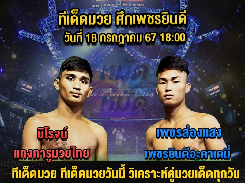ศึกเพชรยินดี เริ่มเวลา 18:00 น. ทีเด็ดมวย ทีเด็ดมวยไทยแม่นๆวันนี้ นิโรจน์ แกงการูมวยไทย มวยเข่ามวยขวาบู๊ดุดันแข้งขวาสาดโต้แรงขวางหน้าบีดุดันปลายแข็งแกร่งกว่า พบ เพชรส่องแสง เพชรยินดีอะคาเดมี่ มวยขวาจังหวะฝีมือครบเครื่องเตะตั้งขวางคาวงในปล้ำตีแทงแรงบู๊ดุดันเคยชนะมา
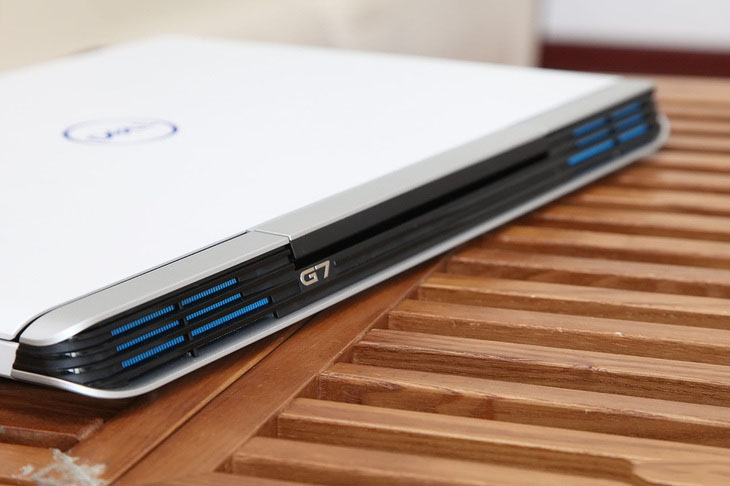 在筆記本后方出門口位置的兩側,增加了藍色格柵,也將顏值提升了不少,中間偏左的位置配有“G7”的金屬銘牌,有很高的辨識度
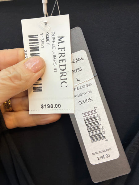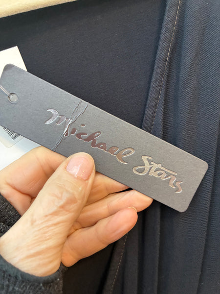 Stretches, with tags, short sleeve tulip sleeve, drapey jersey, pockets, crossover front with hook and eye closure. retail $198
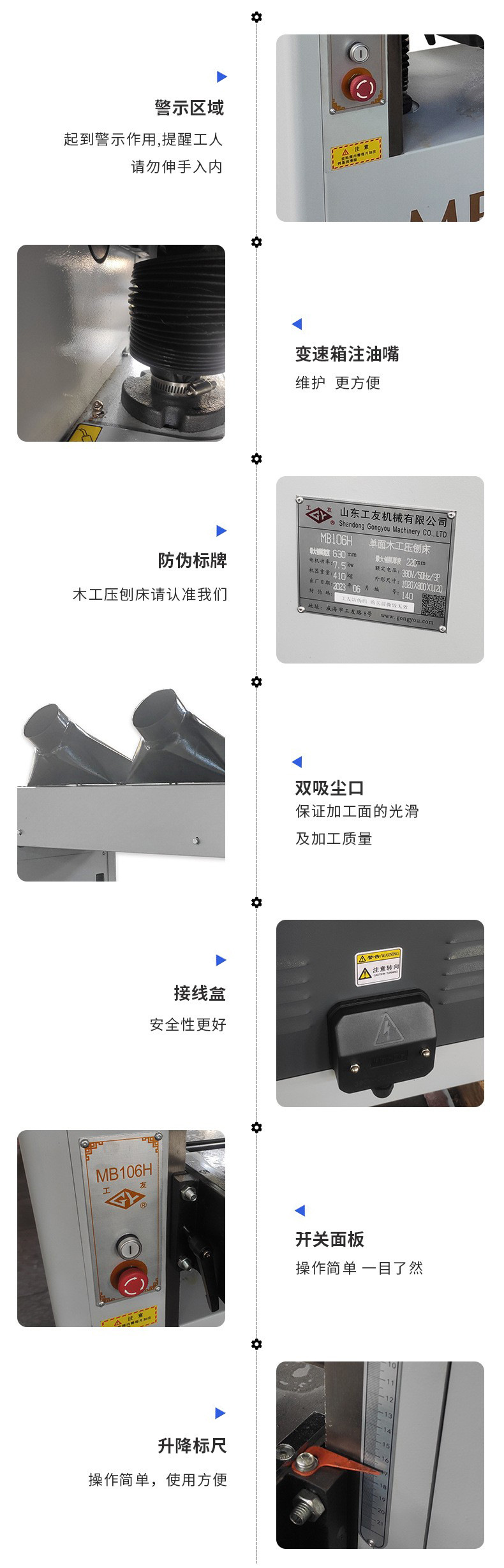 該機床送料平穩(wěn),前壓輥采用分段活動結(jié)構(gòu),可同時送入厚度相差2毫米以內(nèi)的多塊材料;前后壓料器調(diào)節(jié)方便,可加工薄板;工作臺升降裝置結(jié)構(gòu)合理,操作平穩(wěn)輕便;獨特的主軸結(jié)構(gòu),保證良好的加工質(zhì)量。該機具有兩級送料速度,可滿足不同加工工件的要求。
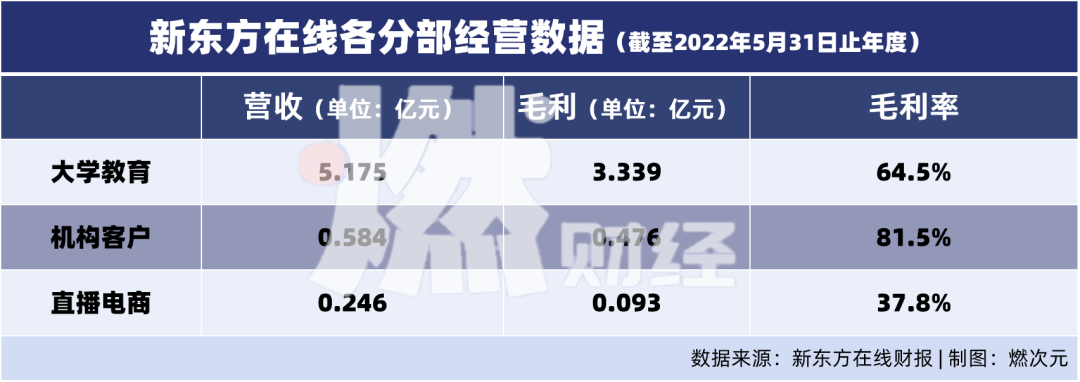 就毛利及毛利率来说,直播电商的表现也不算优异。同据新东方在线2022财年业绩数据,大学教育业务毛利为3.34亿元,毛利率高达64.5%;机构客户业务毛利0.58亿元,毛利率81.5%;而直播电商业务毛利仅0.09亿元,毛利率为37.8%。
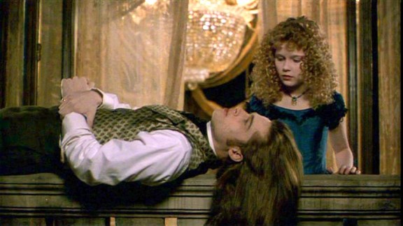 The film also benefits from subtle visual effects and makeup work provided by the great Stan Winston. The vampires in the movie are haunted and beautiful, with translucent pale skin, blue varicose veins, and glowing cat-like eyes. And, of course, fang-like teeth whenever they sense blood. The sequence where Claudia transforms into an undead creature is a seamless marriage of makeup and CGI effects as we witness her hair curl, child-like fangs grow, and her white skin fade. This is a little girl you do not want to encounter after sundown.
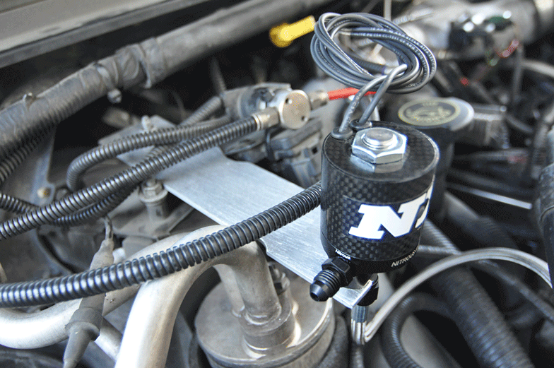 Up next The Nissan Titan Surfcamp is a Mobile Beach Hut Published on July 10, 2018 Author Mike McGlothlin Tags 7.3L, diesel performance, ford, nitrous, power stroke, Share article Facebook 0 Twitter 0 Mail 0 PROJECT 600 HP 7.3L INSTALLING A NITROUS EXPRESS SYSTEM ON OUR ’00 F-250 Over the course of the last year, our ’00 F-250 has been subjected to a long list of modifications. Hybrid injectors, an upgraded fuel supply system, higher volume HPOP, fire-ringed heads, GTP38R turbo, built 4R100 transmission, and custom tuning have all made their way onto the truck in an effort to help the build live up to its name: Project 600 HP 7.3L. To ensure we get as close to our horsepower goal as possible, we’re throwing one last power-adder at the 7.3L Power Stroke this month: nitrous oxide. Designed for diesels with factory to moderate fuel systems, the Stacker 2 nitrous system from Nitrous Express is a safe, cost-effective way to add up to 150 hp to your combination. The NX kit employs a 0.093 orifice Lightning series solenoid, -4 AN braided stainless feed lines, a 15-pound nitrous bottle with NX’s 45-degree bottle valve, and all fittings and necessary installation hardware. The Stacker 2 system retails for $641.63. For an even distribution point, we planned to have the nitrous enter the 7.3L engine’s intake stream through the intake Y that feeds boost to each cylinder head. With boosted air already having been routed through the intercooler by the time it reaches this point, we believe it’s the best place to introduce nitrous. We began the install by threading the N2O filter fitting into the inlet port of the Lightning solenoid. This fitting’s screen-type filter is good insurance against any debris making it into the solenoid, as any trash that makes it into the solenoid can hang it open. It’s also important to note that Teflon tape should not be employed when installing the nitrous solenoid fittings into the solenoid. Nitrous Express supplies its own thread sealer with each Stacker kit it sells. As for wiring up the system, NX supplies a wiring harness that accommodates a 30-amp relay. The relay controls the opening and closing of the solenoid, while a micro switch (also included) activates the relay traditionally at wide open throttle. Since we wanted to be able to turn on or off the nitrous whenever we felt the need, we decided to use our own switch, you’ll see it later on. The relay is basically a remote switch so you don’t have to run large wires into the cab and back out to the solenoid. In order for it to work it needs a supply of power from the battery; a ground to chassis; a lead to the solenoid; and a feed in from the switch in the cab. Both the solenoid and relays were grounded using an existing ground on the firewall. Before we mounted the relay and secured the wire harness where we wanted it (out of harm’s way and away from additional sources of heat), the wiring was wrapped in plastic wire loom. This added a layer of protection to our wires, but also made for a clean look. We don’t want to call attention to anything other than the nitrous solenoid. At this point we also ran the remaining wire (switch) through the firewall into the cab to be hooked up later. In an install such as this, it’s important to mock up the solenoid, fittings, feed line(s), and wire routing before you decide to mount anything. We ended up mounting the aforementioned solenoid relay and its respective wiring harness next to the brake fluid reservoir. Once we’d decided where the nitrous solenoid was going to go (above the A/C receiver-dryer), we fabricated a quick mounting bracket using some 2-inch aluminum flat stock. Two Phillips head machine screws secure the solenoid to the mounting bracket. With the solenoid mounted, the supplied inlet and outlet fittings were installed next. After that, one end of the -4 AN braided stainless feed line that spans from the solenoid to the engine (labeled “out”) was attached to the solenoid. Wiring up the Lightning solenoid is very basic. The unit has just two wires: one for the switch and one for ground. The switch wire we then ran to the relay. By incorporating a raised inlet and bottom exit feature into its Lightning solenoids, NX eliminates up to four 90-degree turns and one expansion area in this solenoid body. No sharp bends or expansion areas mean nitrous doesn’t have a chance to become gaseous. Instead, it stays in liquid form longer—which means more power can be made. It’s worth mentioning that, while the included thread sealer was used to install the inlet and outlet port fittings into the solenoid, none should be used when the feed lines are attached to the fittings. Before moving forward with the install we pressurized the system (with the solenoid off of course) with the 15-lb NX bottle and checked for leaks with a little soapy water. No bubbles means no leaks. The wire we ran earlier into the cab will be tied in now. It needs a positive voltage signal inorder to activate the solenoid. So we grabbed a “key on” power source from a wire running tothe radio, ran that to the arming switch (the one with the red cover for safety), from that switchwe ran it to this pistol grip style hand held switch for easy activation on the track. This way thesystem will only work if both switches are on. With everything wired up and mounted, it was time to test the solenoid to ensure it’d been installed (and would work) properly. After confirming the nitrous bottle was off and that no pressure was present in the supply line, we toggled the arming switch to the on position and activated the system until we heard the solenoid click. And then, well, because we just couldn’t wait (do not do this), we cable-tied the line from the solenoid, opened the bottle and pressed the button a couple times. Last connection under the hood was plumbing the feed line from the solenoid into the intake. We used a plug from Riffraff Diesel that installs in place
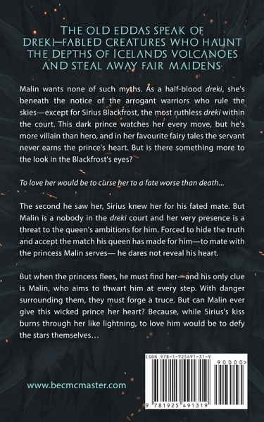 The old eddas speak of dreki—fabled creatures who haunt the depths of Iceland's volcanoes and steal away fair maidens. Malin wants none of such myths. As a half-blood dreki, she's beneath the notice of the arrogant warriors who rule the skies—except for Sirius Blackfrost, the most ruthless dreki within the court. This dark prince watches her every move, but he's more villain than hero, and in her favourite fairy tales the servant never earns the prince's heart. But is there something more to the look in the Blackfrost's eyes? To love her would be to curse her to a fate worse than death... The second he saw her, Sirius knew her for his fated mate. But Malin is a nobody in the dreki court and her very presence is a threat to the queen's ambitions for him. Forced to hide the truth and accept the match his queen has made for him—to mate with the princess Malin serves— he dares not reveal his heart. But when the princess flees, he must find her—and his only clue is Malin, who aims to thwart him at every step. With danger surrounding them, they must forge a truce. But can Malin ever give this wicked prince her heart? Because, while Sirius's kiss burns through her like lightning, to love him would be to defy the stars themselves…
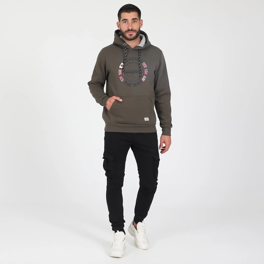 Ανδρική φούτερ μπλούζα CATAMARAN SAILWEAR σε χακί απόχρωση, με στάμπα μπροστά. Σε ίσια γραμμή, με μακριά μανίκια και στρογγυλή λαιμόκοψη. Διαθέτει κουκούλα με κορδόνι και τσέπη καγκουρό.
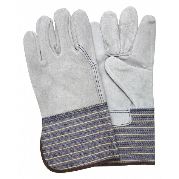 Leather Gloves, Cowhide, Gauntlet Cuff, Wing Thumb, Full Finger, Gray, L, 12 PK
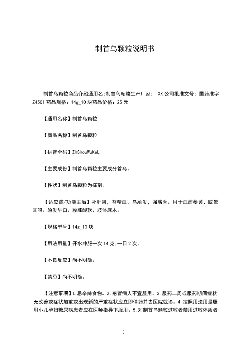 制首乌颗粒商品介绍通用名:制首乌颗粒生产厂家:XX公司批准文号:国药准字Z4501药品规格:14g_10块药品价格:25元
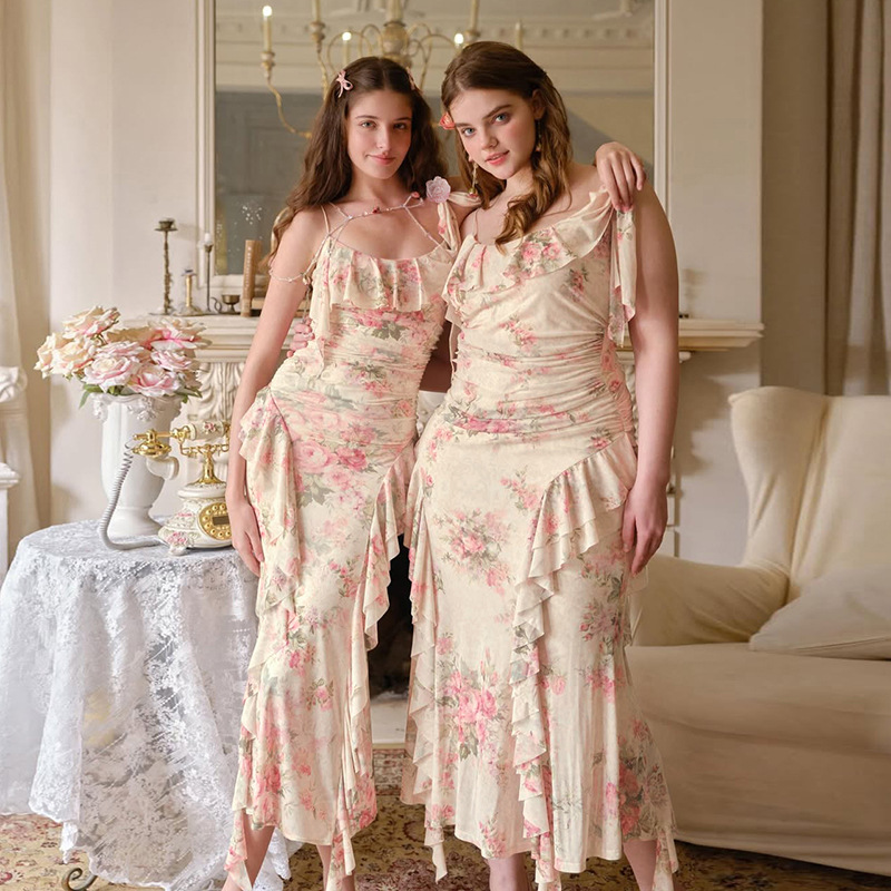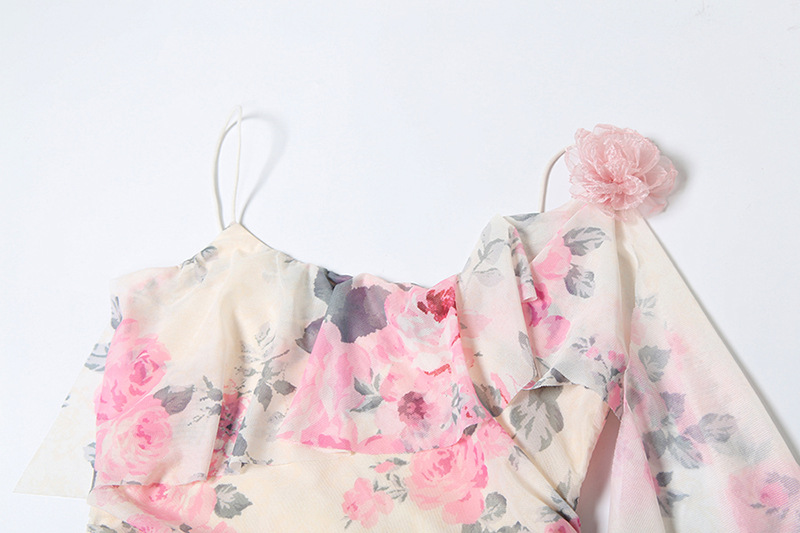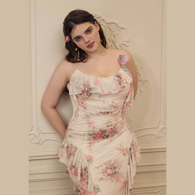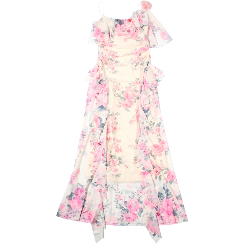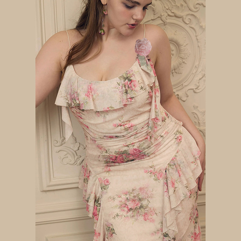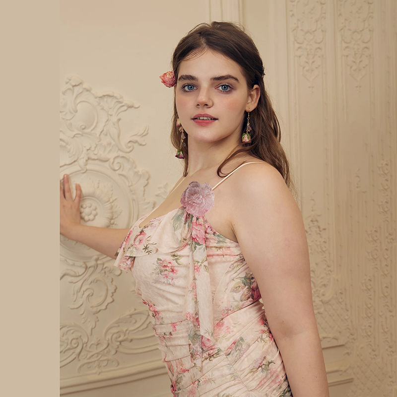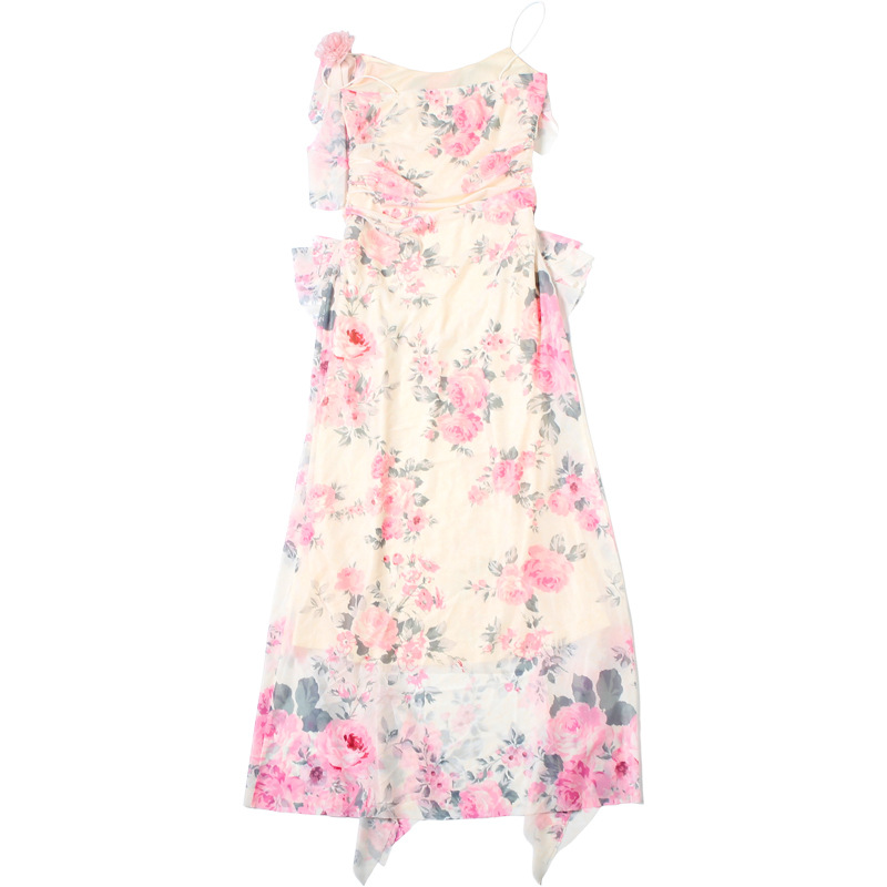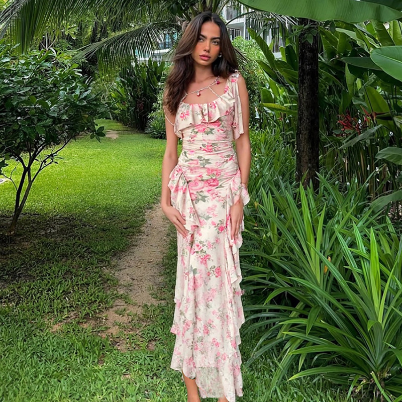 Fashion Sweet Printed Sleeveless Sling High Waist Slim Fit Dress
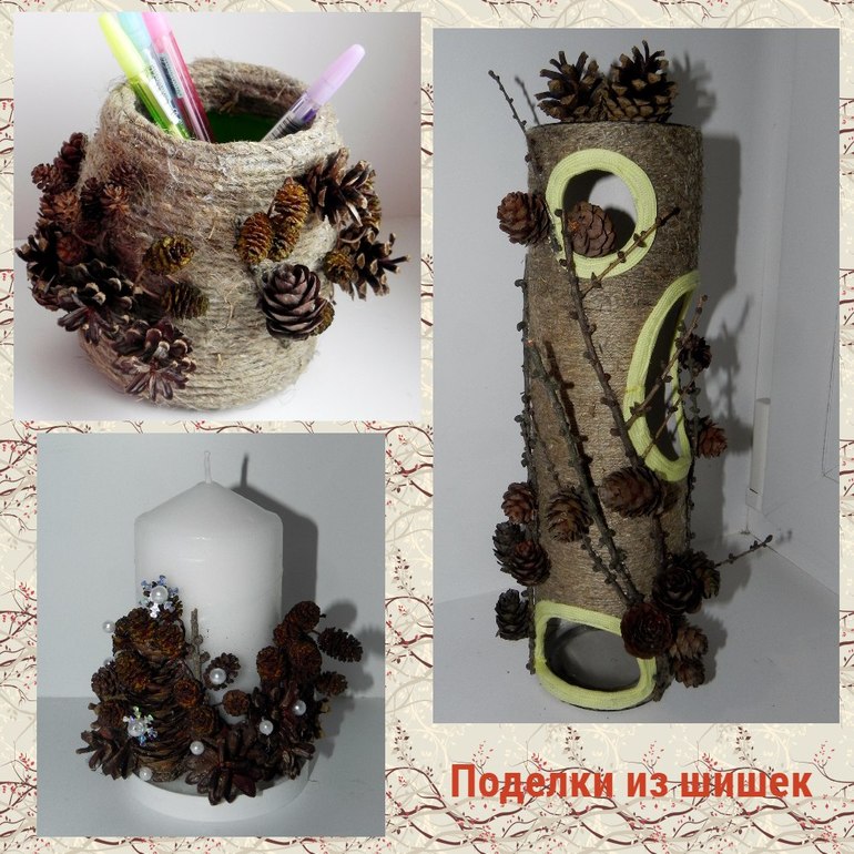 Дорогие мастерицы! В предверии новогодних праздников сотворились у меня рукоделок множество-премножество! Самое моё любимое -декорировать шишками! Шишки собирала сама, в лесу - еловые, сосновые, ольхи и самые лучшие, конечно - шишки лиственницы, которую не так уж легко найти и нарвать! И вот примеры моих работ: бутылки шампанского, бутыли для напитков, чайные домики, магниты на холодильник, свечки..
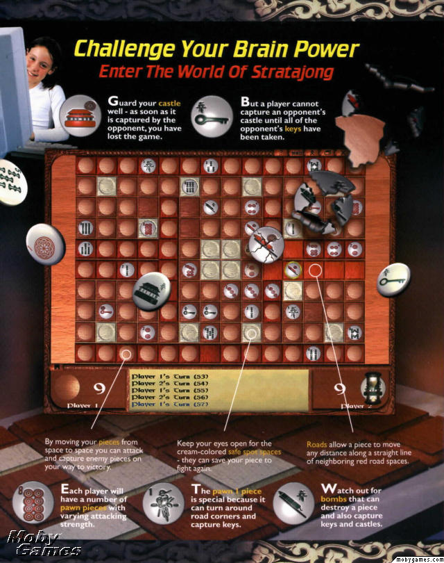Stratajong is an interesting board game that combines elements of Stratego and Chinese Chess. Each player controls a set of pieces consisting of Pawns (with a numerical strength from 1 to 9), Bombs, Keys and a Castle. The pieces are distributed randomly face down on a board. Each turn, a player may flip over a piece or move a friendly piece that is already face up. The goal is to find and capture all of an opponents keys and then their castle. As in Stratego, a higher number pawn captures a lower number pawn and bombs will blow up any other piece. Keys and castles may only be captured by number 1 pawns so protecting your weak pieces is crucial.
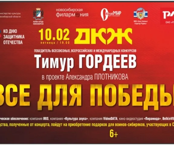 10 февраля 2023 года в 19:00, в Новосибирском Дворце культуры железнодорожников состоится большой концерт обладателя гран-при всероссийских и международных конкурсов Тимура Гордеева, «Всё для Победы». Организаторами концерта являются; поэт Александр Плотников, певец Тимур Гордеев, Арт-холдинг «Святой мир» и Межрегиональная общественная организация ветеранов силовых структур «Союз Силовых Структур Родины». Основой концертной программы «Всё для Победы» стали песни новосибирских авторов о героях Специальной военной операцией на Украине и легендарные песни военных лет. В концерте «Всё для Победы» участвуют ведущие мастера искусств Новосибирска: Новосибирская хоровая капелла под руководством народного артиста России Игоря Юдина, фольклорный ансамбль «Рождество» под руководством заслуженного деятеля искусств России профессора Ольги Гуриной, инструментальный ансамбль «Солнцемаяк» под руководством Святослава Мелика, Ансамбль музыки для народа «Дружина», Ансамбль песни и пляски Сибирского округа войск Национальной гвардии РФ, солисты; заслуженная артистка России Дилара Варфоломеева, Лауреаты всероссийских и международных конкурсов Тамара Сидоренко, Елена Марченко, Виктория Сухарева, Артём Старченко и др.

◇ ◇ ◇ ◇

▶ **PROMPT**
Above are records; repeat only the lines from the line with "Fashion Sweet Printed" through the line with "Дорогие мастерицы! В", and leave pictures out.

▶ **SOLVED PROBLEM**
 Fashion Sweet Printed Sleeveless Sling High Waist Slim Fit Dress
 Дорогие мастерицы! В предверии новогодних праздников сотворились у меня рукоделок множество-премножество! Самое моё любимое -декорировать шишками! Шишки собирала сама, в лесу - еловые, сосновые, ольхи и самые лучшие, конечно - шишки лиственницы, которую не так уж легко найти и нарвать! И вот примеры моих работ: бутылки шампанского, бутыли для напитков, чайные домики, магниты на холодильник, свечки..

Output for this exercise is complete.